Depth : 2, Accuracy : 0.7540983606557377
Depth : 5, Accuracy : 0.8032786885245902
Depth : 7, Accuracy : 0.7704918032786885
Depth : 10, Accuracy : 0.7704918032786885
Depth : 15, Accuracy : 0.7704918032786885
Depth : 20, Accuracy : 0.7704918032786885


Now compare the accuracy score of decision trees with and without using the "max_depth" parameter and discuss the effects of limiting the maximum depth of decision trees.

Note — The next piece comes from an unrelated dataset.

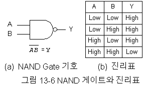반면 NAND 게이트는 모든 입력이 동시에 High이면 출력은 Low가 된다. 그 외의 경우는 출력이 전부 High가 된다. 그림 13-6은 NAND 게이트와 진리표를 보여준다.
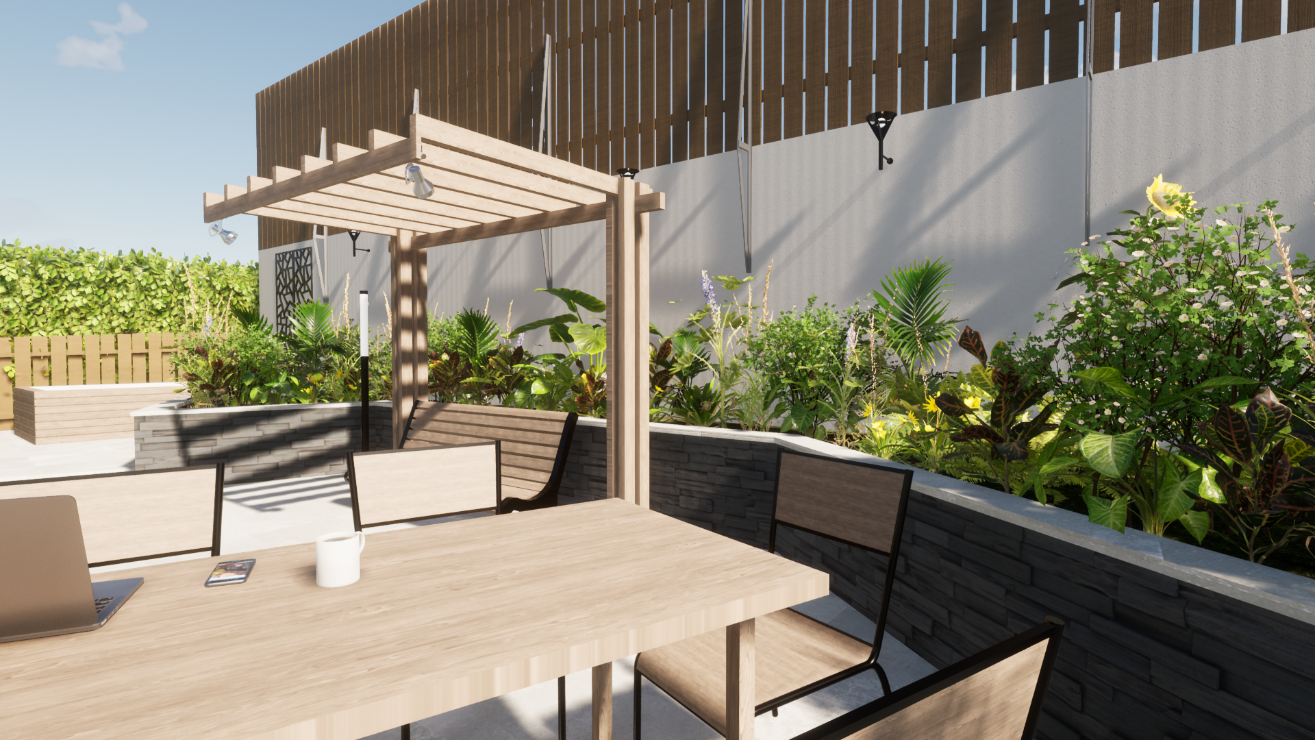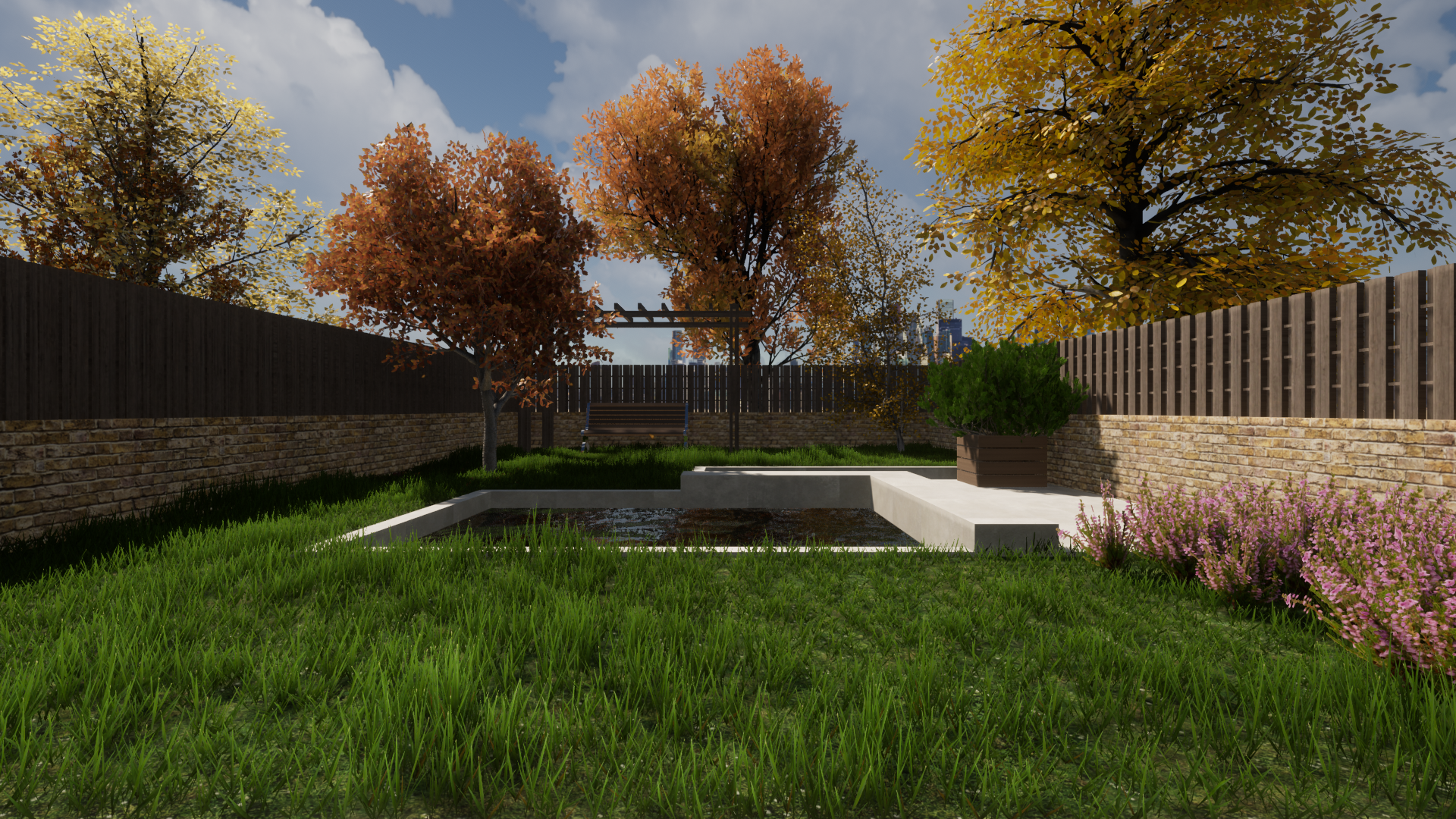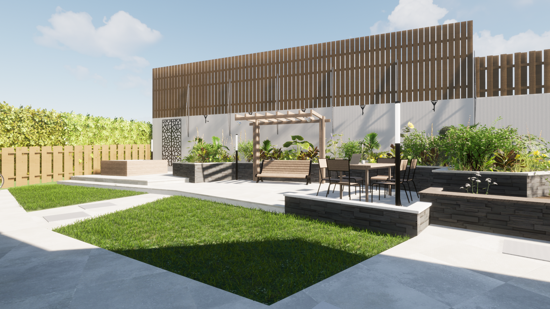 We were approached by the clients to propose a landscaping design for their rear garden – an irregular shaped space surrounded by high retaining structures on two sides. They wanted to create a hierarchy of spaces, and to provide more appropriate play areas for their young children. The concept was based on creating subtle level changes which would be used to enclose separate areas of the garden, providing a centralised terrace area which appears to be sunk into the landscape, as well as a more intimately proportioned courtyard which could someday be used for a sauna and / or pool for the children. The geometry was inspired by the irregular shape of the garden, and indeed the house itself, which has undergone several renovations and extensions over the years. A combination of 2D and 3D drawings were prepared, as well as a fly-through video which really helped to visualise the proposals

Answer: When using "max_depth" the accuracy on train data will decrease but this allows more generalization and prevents overfitting. But when we allow infinite depth, although our training accuracy reaches 100% but test accuracy will drop because of overfitting. So it's better to look at validation data and choose the maximum depth where validation accuracy is still increasing.